Remember when 50 Cent was good? Get Rich or Die Tryin’ and most of The Massacre were both sick albums. But the other two I never went out of my way to purchase, and only took up valuable space on my computer, were terrible, because, trust me, the old 50 Cent never would have made a song with Justin Timberlake, started a waste of time feud with Rick Ross, or challenged Kanye West to a suicide mission to sell more CDs than his very much anticipated Graduation album. Still, despite all of this 50’s fifth album (still unnamed) is coming out next month (he went on Ellen Degeneres Show to announce it, gangster!), and all signs point to just a catastrophically sad musical disaster.

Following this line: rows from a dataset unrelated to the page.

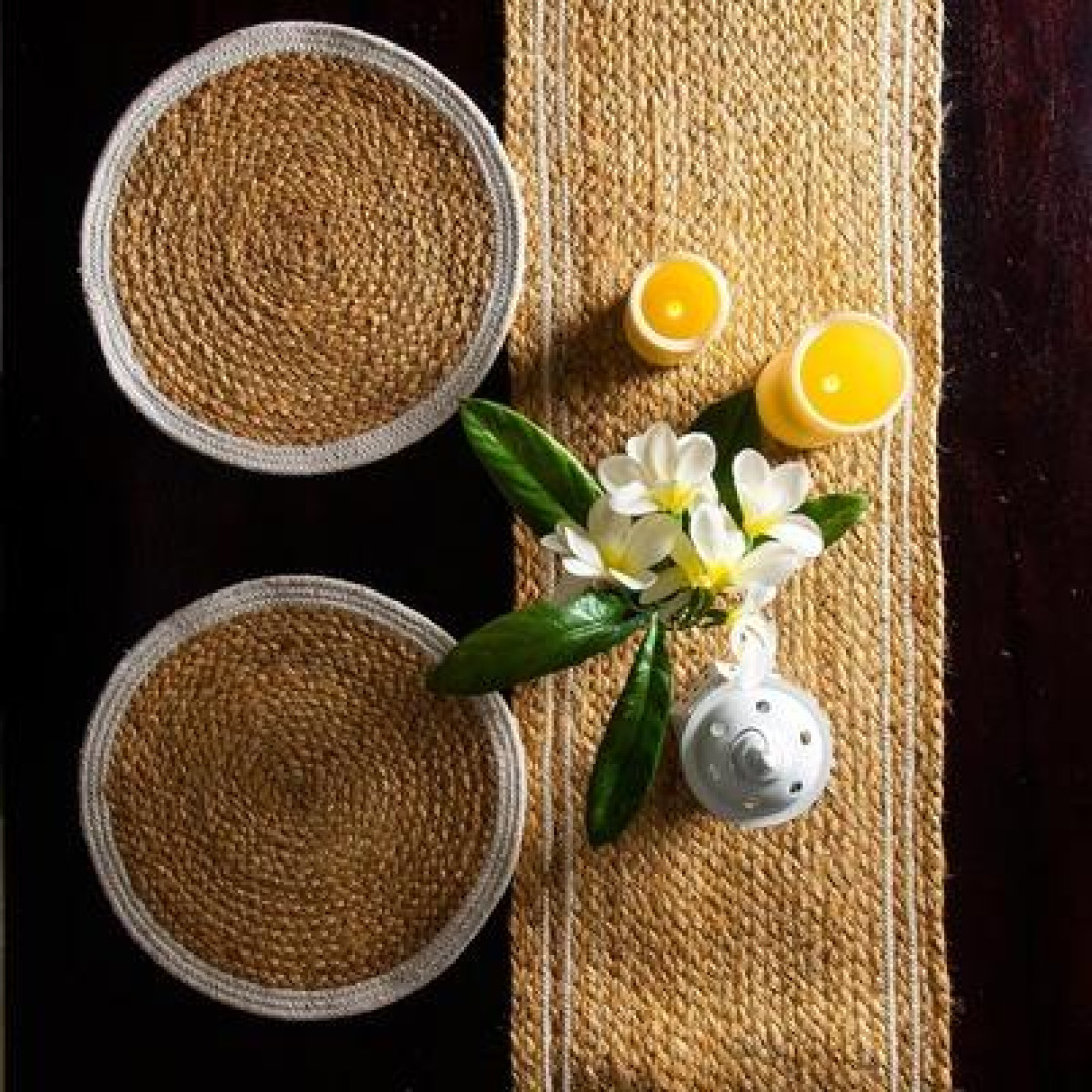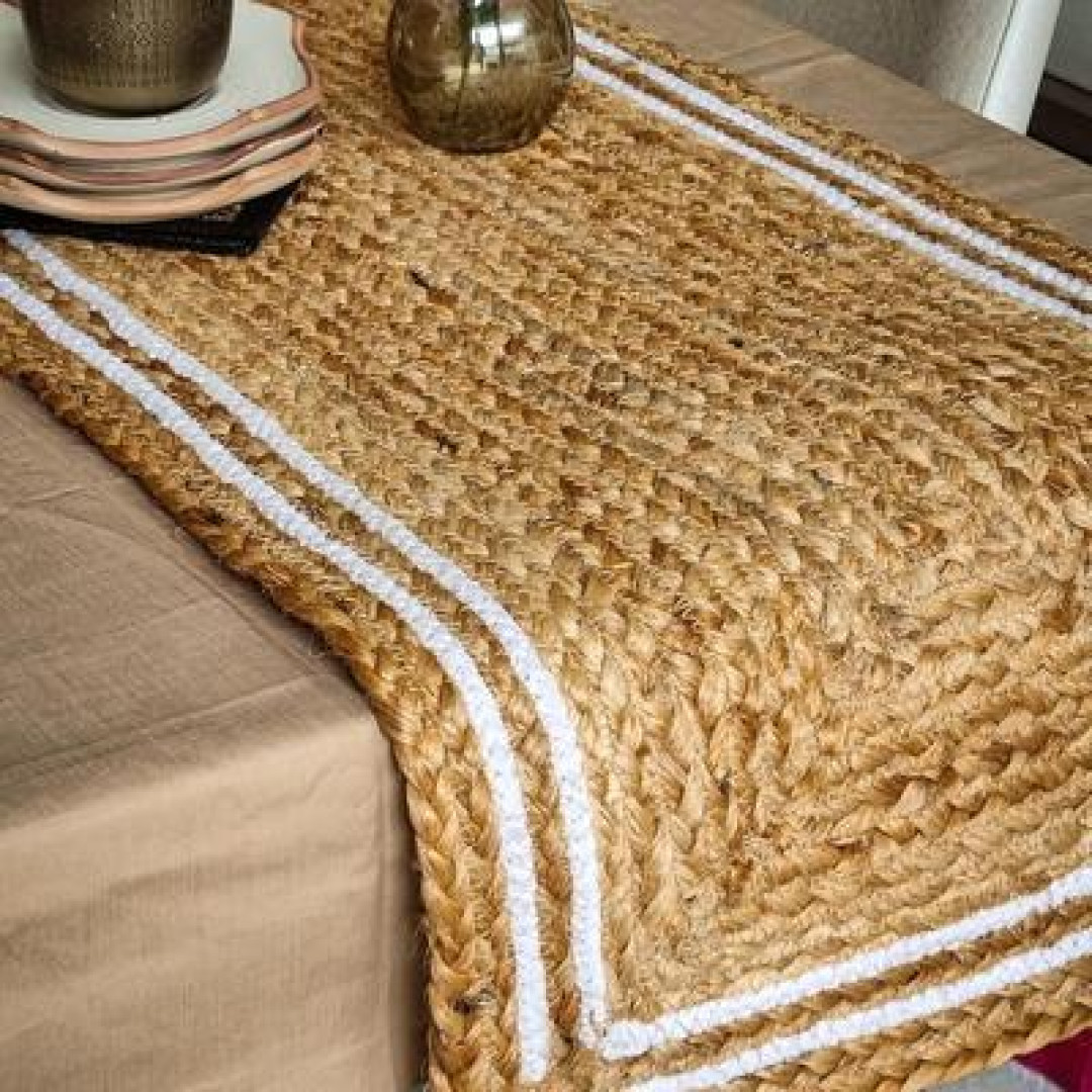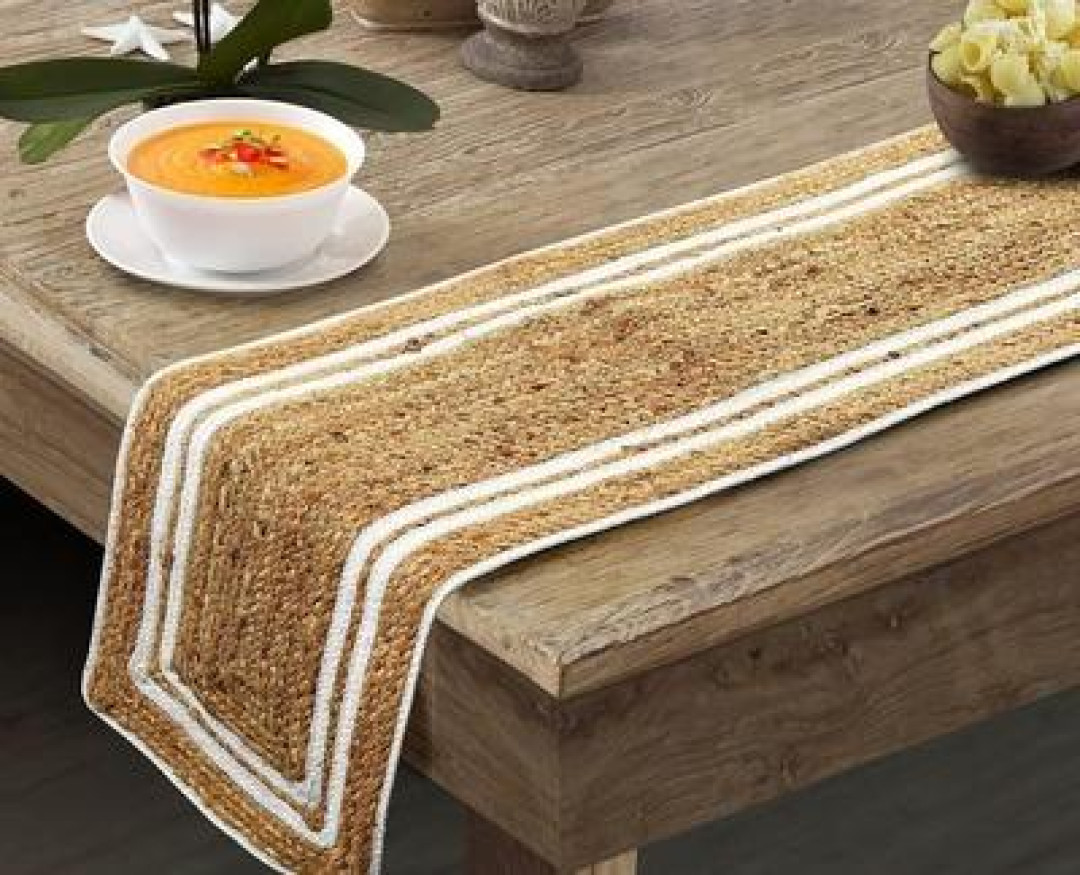 Handmade Braided Natural Jute with White Eco-Friendly Dining Table Runner
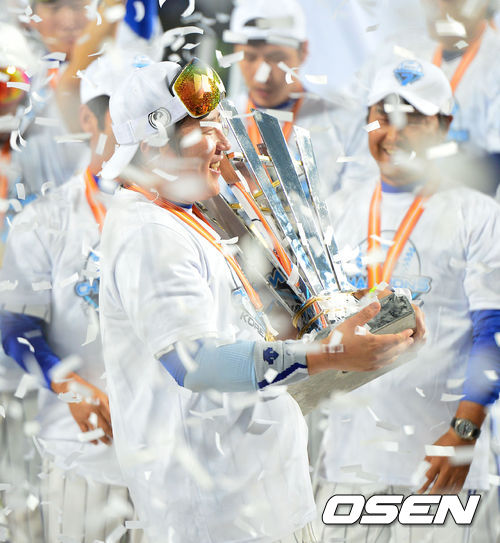 경기종료 후 삼성 주장 최형우가 우승 트로피를 들고 환호하고 있다./ dreamer@osen.co.kr
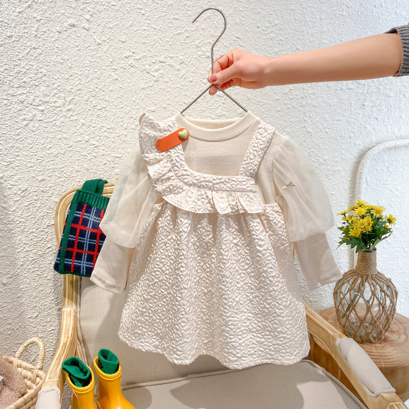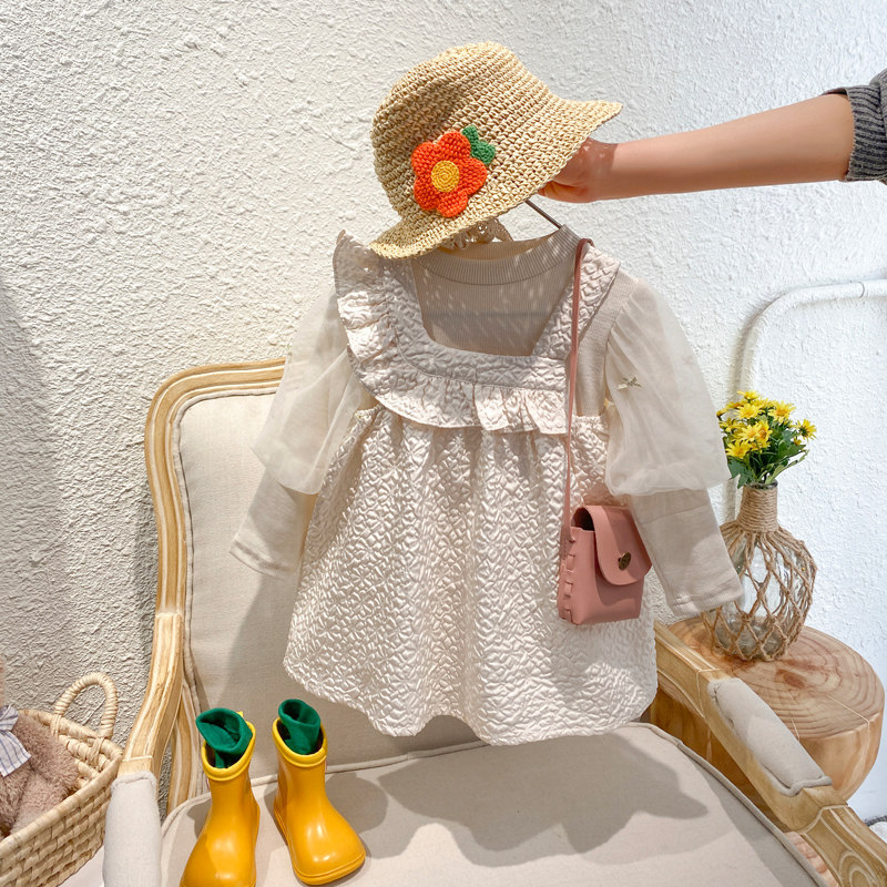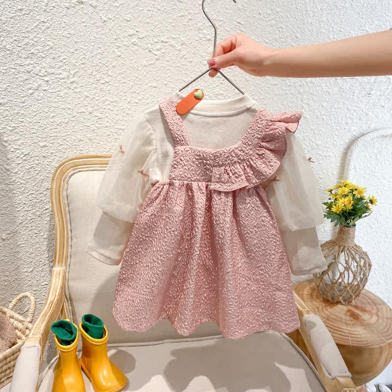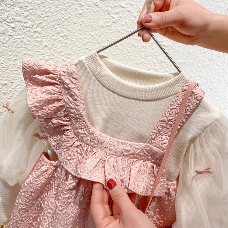 Girl Spring Clothing Suit 2022 New Small Children Trendy Foreign Pie Net Red Clothes Woman Baby Spring Autumn Two Sets Dress
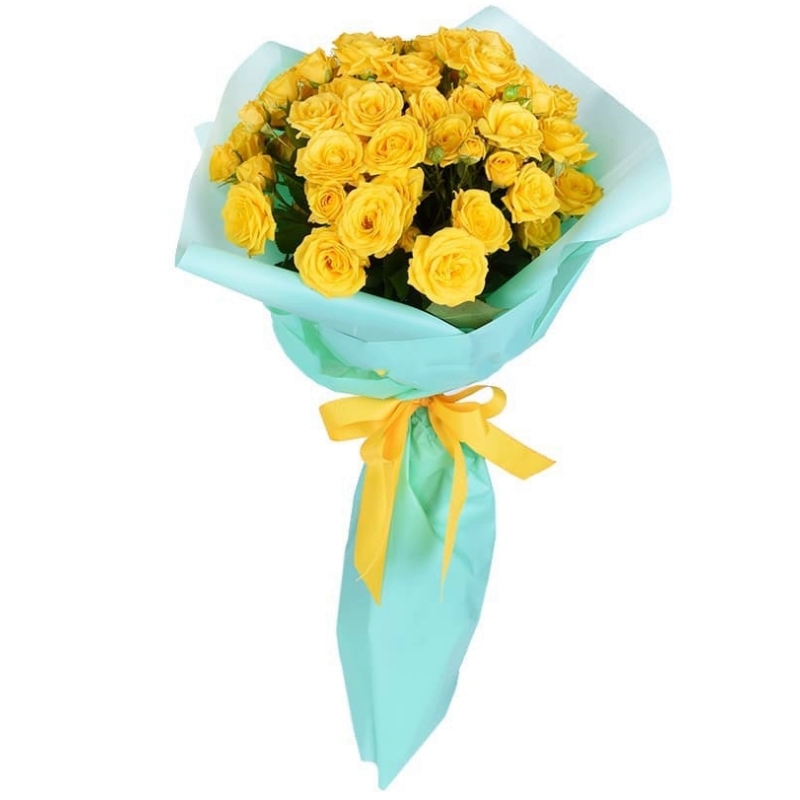 Букет состоит из 15 желтых кустовых роз, красивая упаковка, атласная лента.
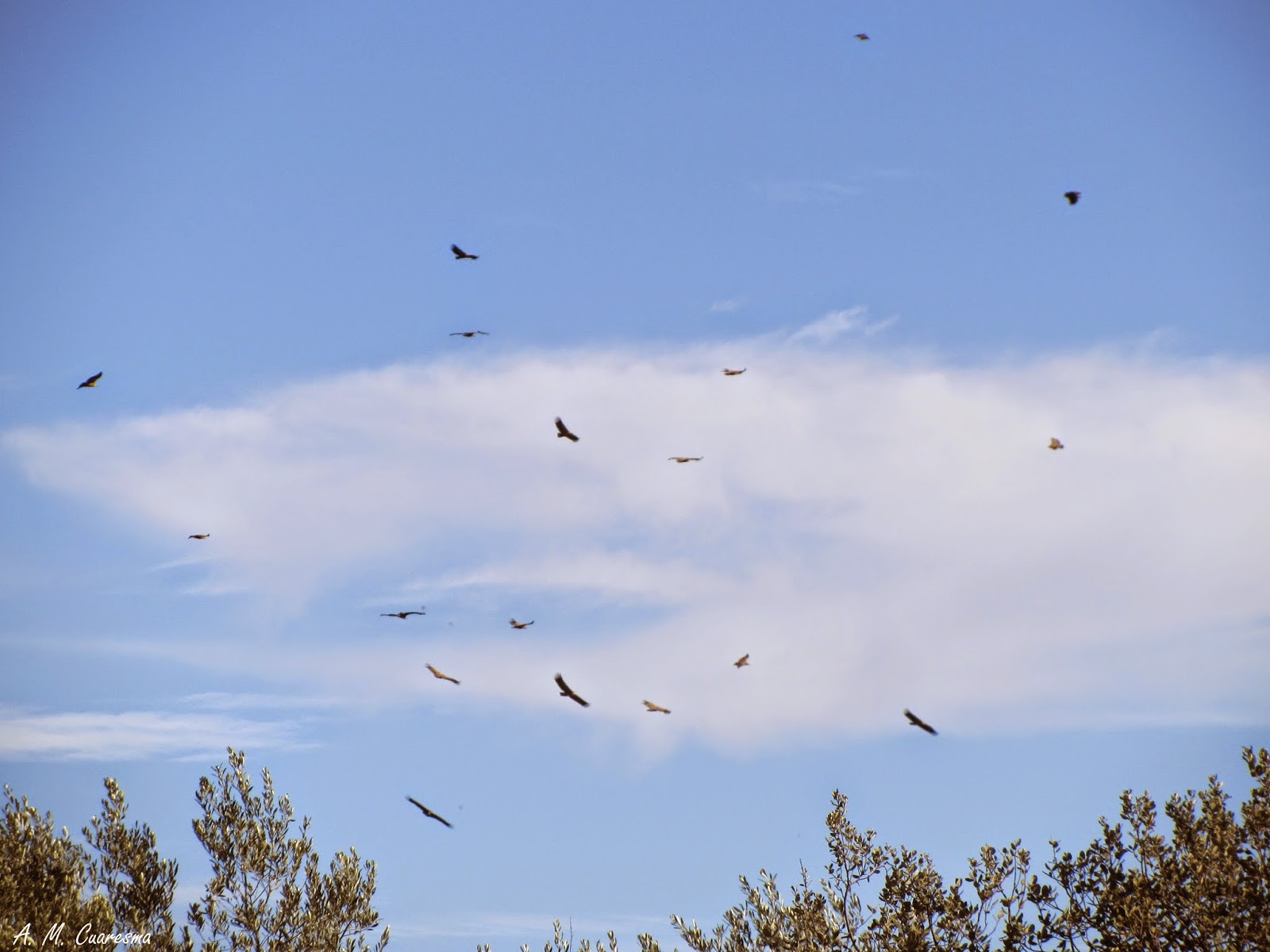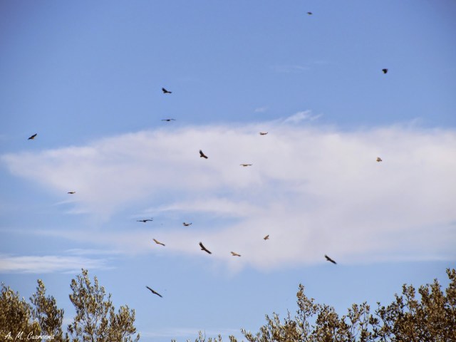 Son dos de las especies de buitre que se pueden ver por Aroche, y además fácilmente paseando por el campo. “La joya de la corona es el buitre negro”. Mientras más nos alejemos de la población más posibilidad hay de verlos, suelen aparecer en gran número de ejemplares.

Not only this, he’s a complete sell out. He’s made shoes, clothes, G-Unit (Ugh), ‘wrote’ a book, had a reality television show, starred in a movie about himself, and even invested some ridiculously high amount of money into Vitamin Water. (As a side note, Vitamin Water recently got into some trouble because of the actual vitamin and sugar content of their drinks. There were essentially no vitamins and a ton of sugar and their name, in turn, was extremely misleading. Their rebuttal to this was, essentially, “We never said it was healthy.” Nice and ethical Vitamin Water and 50 Cent).
Anyways, ever since his last album (which nobody should listen to) Before I Self Destruct sold only 436,000 copies (falling so, so short from his debut album which sold 8,000,000 in the U.S. alone) and I have a feeling this one is going to suck too.
On Twitter some time ago, he posted:
I been working hard my album its almost done. I took my time now every body’s gonna hear 2011 GET RICH OR DIE TRYING. The meanest shit
When you’re making a bold statement it needs to be backed up. This is going to be like when Dane Cook said he was taking a hiatus from stand-up to perfect his routine.
Surprise. It’s still not good. Not even close.
Saying this album is going to sell over 16 times what your last one did, because you ‘worked hard’ on it makes you look like a pompous ass. Not only because you can’t back it up, but because it makes it seem like you haven’t tried for the last two (and soon three) albums.
And yes, I’ve heard the leaks. I’m hoping those are the filler tracks, because if those are the singles/main attractions to the album, oh God! “Don’t Cry, Dry your Eye”? Are you fucking serious? How on earth will anyone take you seriously when this is the bullshit you’re putting down in a studio:
I’ll stomp ya fucking head till it’s under the surface
now I need you to get it through ya blood clot head
‘fore I put a bullet through ya blood clot dreads
these niggas ain’t made of the same shit I’m made of
I double click for my man if he needs a favor
Download the song below if you don’t believe me, “Stop Crying” will appear on his The Big 10 mixtape before the album drop. The unsatisfying appetizer before the full course letdown:
If anyone still takes you seriously (and trust me, they don’t) after hearing or reading any of this bullshit they’ll stop immediately.
Wait, let me re-start that paragraph. Everyone stopped taking you seriously after you let that man Olivia into G-Unit, and started a million feuds with people for no reason. You’re a washed up 36-year-old joke, start acting like it. You’ve peaked, it’s over. Stop wasting everyone’s time and retire before you embarrass yourself anymore.
If you don’t know what ‘Snacks and Shit’ is, it’s a website where terrible rap lyrics are posted and relentlessly made fun of. 50’s section in ‘Snacks and Shit’ is by far my personal favorite.
Make sure not to buy 50’s unnamed album coming out sometime this month, or something. Who cares.